**Your objective**
Please transcribe the records precisely; pictures stay out of your copy.

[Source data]
###

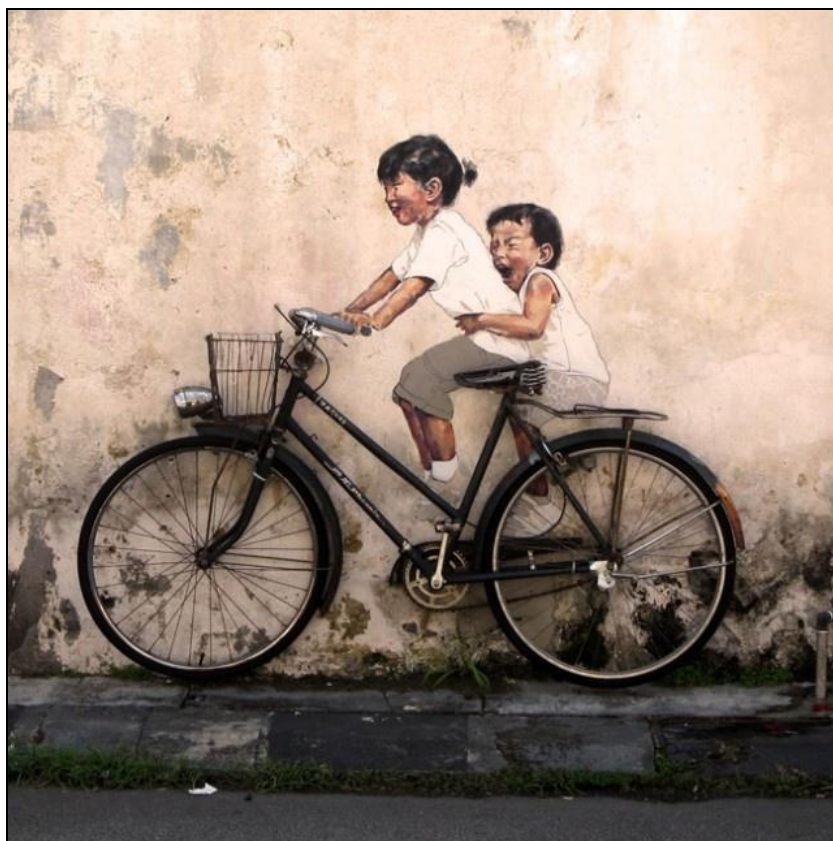
Légende image. Street Art @StreetArtepics . Amazing pictures of Street Arts Around The World.
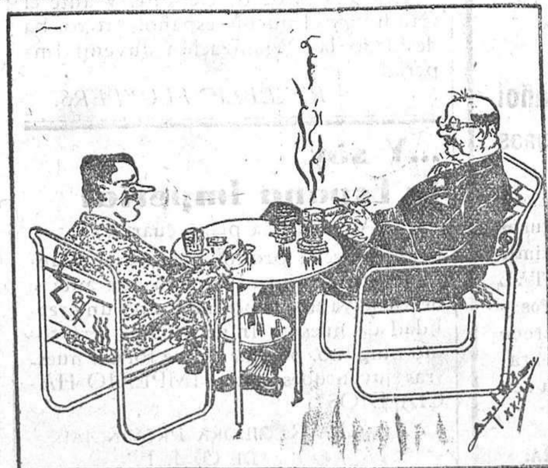
—Porque suscribí con tres reales una Ficha Azul, me pusieron verde.

Toda la ciudad amaneció engalanada anteayer, domingo, y en los escaparates de los comercios, había grandes retratos de Franco rodeados de banderas nacionales.
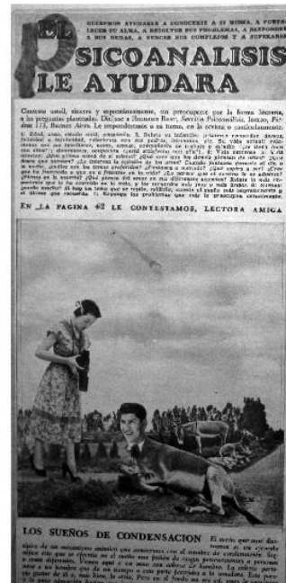
Los Sueños de Condensación Idilio N° 60 – Enero de 1950
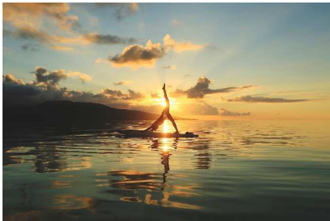
アクティビティ例「SUP」
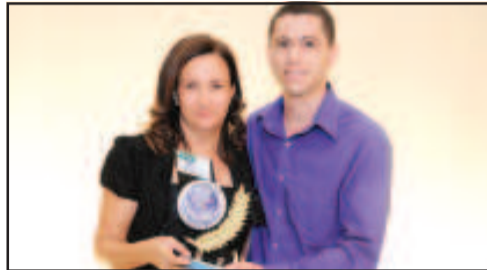
RESTAURANTE/ CHURRASCARIA - RESTAURANTE E CHURRASCARIA LIMA
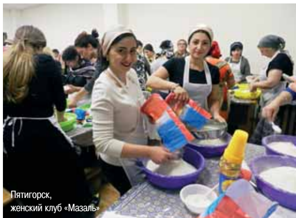
Пятигорск, женский клуб «Мазаль»

###

**Result of this task**
Légende image. Street Art @StreetArtepics . Amazing pictures of Street Arts Around The World.
—Porque suscribí con tres reales una Ficha Azul, me pusieron verde.

Toda la ciudad amaneció engalanada anteayer, domingo, y en los escaparates de los comercios, había grandes retratos de Franco rodeados de banderas nacionales.
Los Sueños de Condensación Idilio N° 60 – Enero de 1950
アクティビティ例「SUP」
RESTAURANTE/ CHURRASCARIA - RESTAURANTE E CHURRASCARIA LIMA
Пятигорск, женский клуб «Мазаль»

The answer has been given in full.